Here’s what typically happens: most test failures aren’t actually indicating broken functionality. In our experience, roughly 9 out of 10 test failures occur because the application changed in some way that broke the test, not because the underlying feature is broken. Maybe the sign-up flow got a new field, or a button moved, or the API response format changed slightly.

Teams quickly learn this pattern, and failing tests get dismissed with “Oh, that works fine, the test just needs updating. We’ll fix it later.” But “later” rarely comes, and complacency sets in. Tests become background noise rather than reliable signals.

This is dangerous. We’ve seen countless organizations experience major outages in features that were supposedly covered by automated tests. How is this possible? Earlier, those tests had become flaky and were being routinely ignored. The team had accepted that “tests break sometimes” and learned to work around unreliable signals. When the feature actually broke, the test failure looked identical to all the previous false alarms.

The Snowplow Principle: Test What Matters

Think about your application like a town after a snowfall. Which roads do you clear first? The main arterial routes that keep the town functioning. Next, you clear important side streets that connect to key locations. The tiny residential lanes might never get plowed at all—and that’s perfectly fine.
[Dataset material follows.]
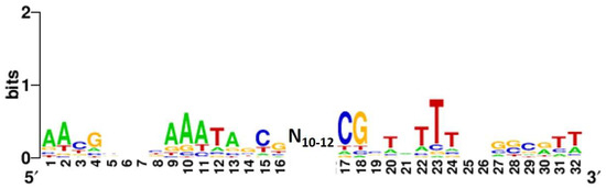 Using the DNA-binding sequence information from a set of FlhDC target sequences, a 42–44 bp palindromic sequence consisting of AAYGSSNNAAATAGCG-N10-12-CGCTATTTNNSSCRTT was proposed as the consensus recognition sequence for FlhDC [11,12,13,14]. As we obtained 49 new FlhDC-binding sites, the FlhDC consensus sequence was analyzed using the MEME program [25] to identify the FlhDC-box sequence in the newly targeted regions. We identified the same 42–44 bp sequence in 44 of the 55 FlhDC target regions (Table 1), and the high conservation of the A1, A2, G4, A9, A10, A11, T12, and A13 bases was also consistent (Figure 2) [12]. These results suggest that the novel target genes of FlhDC identified by the gSELEX screening was valid.

Your test suite should follow the same prioritization. Thoroughly test the main user flows that define your product’s core value. Test the critical paths that, if broken, would prevent you from shipping. But resist the urge to test every edge case and minor feature.

The key question to cut through the noise is simple: What would block a release if it weren’t working?

This might seem like too high a bar, but consider this: we’ve almost never encountered a team suffering from QA problems because they had too few tests. The pattern is overwhelmingly the opposite—companies drowning in too many tests, with test failures routinely ignored and test suites considered untrustworthy.

Building Reliable Test Signal

Your goal should be for your test suite to serve as the definitive source of truth about whether your application is ready to ship. If tests pass, you should feel confident releasing. If tests fail, you shouldn’t release until they’re fixed—even if you suspect the test itself is broken rather than the underlying functionality.

This only works if you maintain an incredibly high bar for what gets tested. Every test in your suite should be worth fixing before release. If you find yourself routinely skipping or ignoring certain test failures, those tests shouldn’t exist.

The complementary solution is choosing testing technology with lower maintenance costs. In the age of AI, look for tools that can automatically maintain tests as your application evolves, only failing when there’s truly a problem worth investigating.

The Path Forward

The solution to test debt isn’t more sophisticated testing strategies or better test maintenance processes—it’s disciplined restraint in what you choose to test. Focus on the main thoroughfares of your application. Test what matters. Ignore what doesn’t.

Your customers don’t care if every edge case is bulletproof. They care that your core product works reliably. Your engineering team doesn’t need perfect test coverage. They need trustworthy signals about when it’s safe to ship.

By testing less but testing better, you’ll build the assurance that quality processes are meant to provide: confidence that when your tests pass, your product is ready for the world.